BEGIN

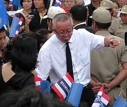 Citing the claimed failure of popular democracy in Thailand, Sondhi has suggested constitutional amendments that some members of parliament should be chosen by profession, a proposal that was seen as 'undemocratic' by his opponents.[10][11] Closely affiliated with Queen Sirikit and prominent royalists, Sondhi regularly invoked king Bhumibol Adulyadej in his protests, and has claimed that his enemies are disloyal to the monarchy, aiming at destroying the country's political form.[12][13][14] Sondhi has openly called for the military and Thailand's traditional elite to take a greater role in politics.[15]
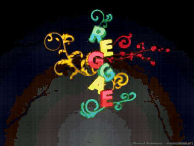 Ориентировочно так, схема вышивки «Reggae», созданная автором natali-01, будет выглядеть при отшиве на канве. Размер данной вышивки равен 190x143 крестов, при этом используется 63 цветов. К несчастью, автор не назначил для схемы ключевые слова. Также, вы можете взглянуть на оригинальную картинку, соответствующую данной схеме вышивки.
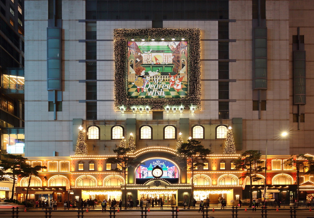 롯데백화점은 15m 높이의 자이언트 트리 점등과 유럽크리스마스 분위기를 연출하며 MY Dearest wish 를주제로 동화적 분위기를 계승하면서 이야기는 보강했다고 합니다.
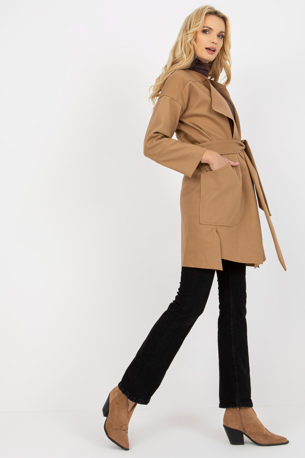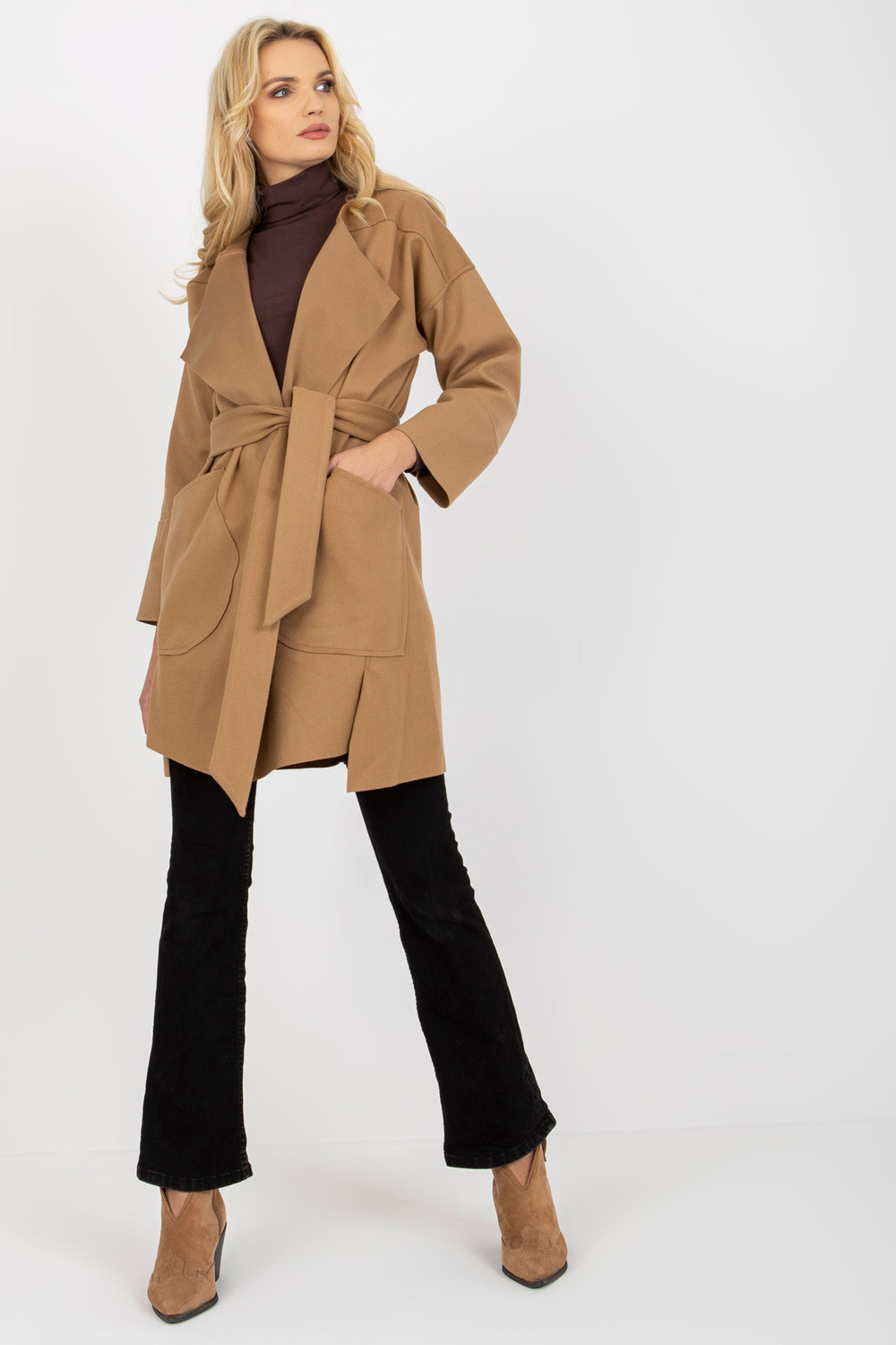 Kamelfarbener Dünner Mantel su OCH BELLA Bindung.
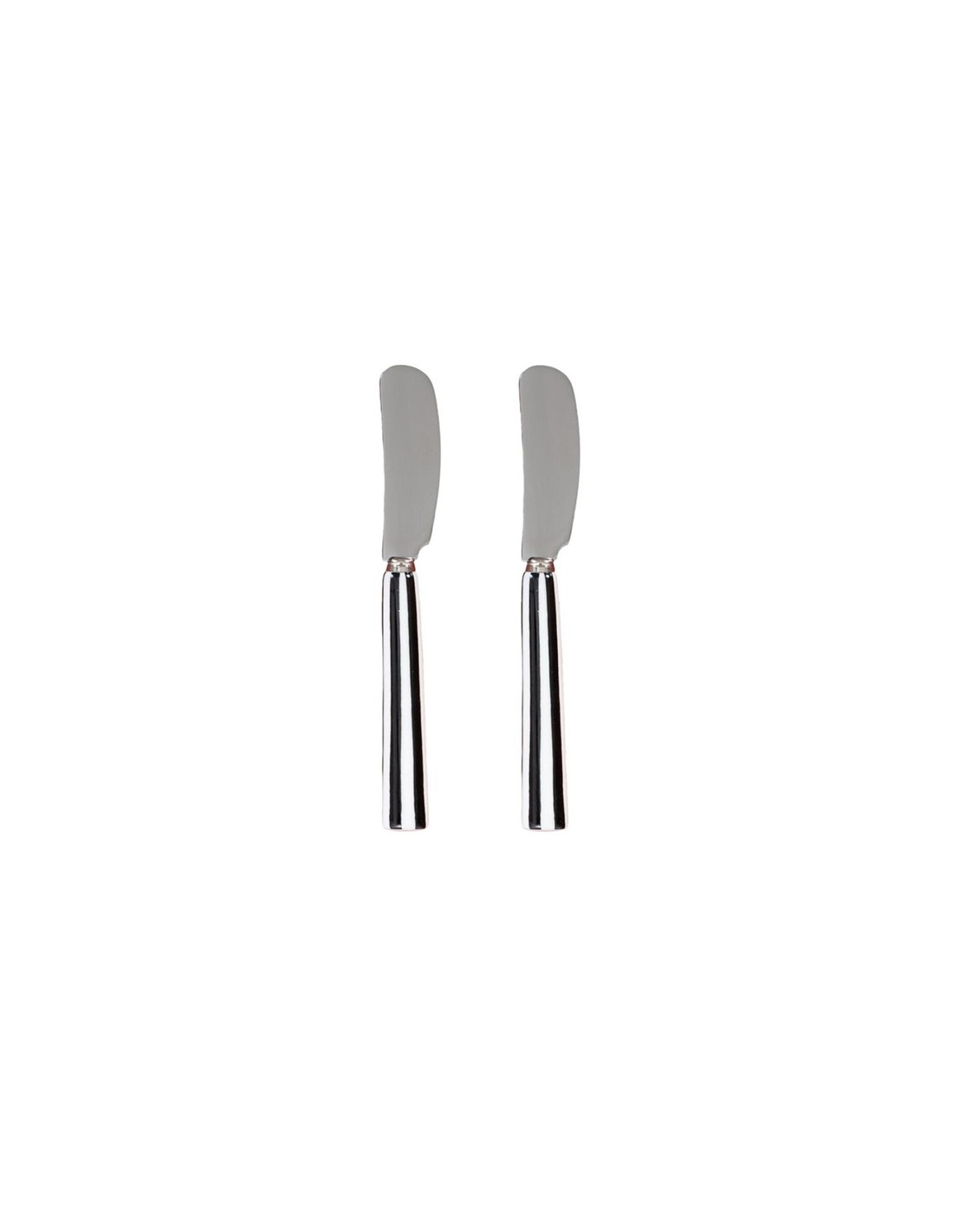 Práctico set de dos cuchillos para untar con hoja redondeada y mango liso acabado en brillo.
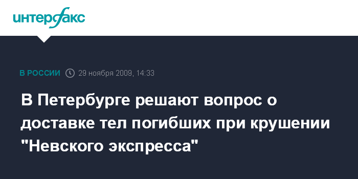Санкт-Петербург. 29 ноября. INTERFAX.RU - Тела петербуржцев, погибших при крушении "Невского экспресса", доставят в Петербург из Твери самолетом МЧС или авторефрижераторами. "Пока еще не принято решение, будет это борт МЧС или спецтранспорт - рефрижераторы, которые пойдут из Петербурга в Тверь, заберут груз 200 и вернутся", - сообщил "Интерфаксу" источник в МЧС города. До сих пор неизвестно точно, сколько жителей Петербурга погибли при аварии "Невского экспресса".
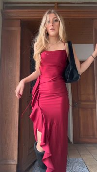 • Bordó testhez simuló ruha oldalt gyűrt részlettel, fekete díszítéssel párosítva. Hosszú, hullámos szőke haj. Minimalista kerek szemüveg.

END

Task directions ::
Please copy the entries in full. Leave each image out.

Solution ::
 Citing the claimed failure of popular democracy in Thailand, Sondhi has suggested constitutional amendments that some members of parliament should be chosen by profession, a proposal that was seen as 'undemocratic' by his opponents.[10][11] Closely affiliated with Queen Sirikit and prominent royalists, Sondhi regularly invoked king Bhumibol Adulyadej in his protests, and has claimed that his enemies are disloyal to the monarchy, aiming at destroying the country's political form.[12][13][14] Sondhi has openly called for the military and Thailand's traditional elite to take a greater role in politics.[15]
 Ориентировочно так, схема вышивки «Reggae», созданная автором natali-01, будет выглядеть при отшиве на канве. Размер данной вышивки равен 190x143 крестов, при этом используется 63 цветов. К несчастью, автор не назначил для схемы ключевые слова. Также, вы можете взглянуть на оригинальную картинку, соответствующую данной схеме вышивки.
 롯데백화점은 15m 높이의 자이언트 트리 점등과 유럽크리스마스 분위기를 연출하며 MY Dearest wish 를주제로 동화적 분위기를 계승하면서 이야기는 보강했다고 합니다.
 Kamelfarbener Dünner Mantel su OCH BELLA Bindung.
 Práctico set de dos cuchillos para untar con hoja redondeada y mango liso acabado en brillo.
Санкт-Петербург. 29 ноября. INTERFAX.RU - Тела петербуржцев, погибших при крушении "Невского экспресса", доставят в Петербург из Твери самолетом МЧС или авторефрижераторами. "Пока еще не принято решение, будет это борт МЧС или спецтранспорт - рефрижераторы, которые пойдут из Петербурга в Тверь, заберут груз 200 и вернутся", - сообщил "Интерфаксу" источник в МЧС города. До сих пор неизвестно точно, сколько жителей Петербурга погибли при аварии "Невского экспресса".
 • Bordó testhez simuló ruha oldalt gyűrt részlettel, fekete díszítéssel párosítva. Hosszú, hullámos szőke haj. Minimalista kerek szemüveg.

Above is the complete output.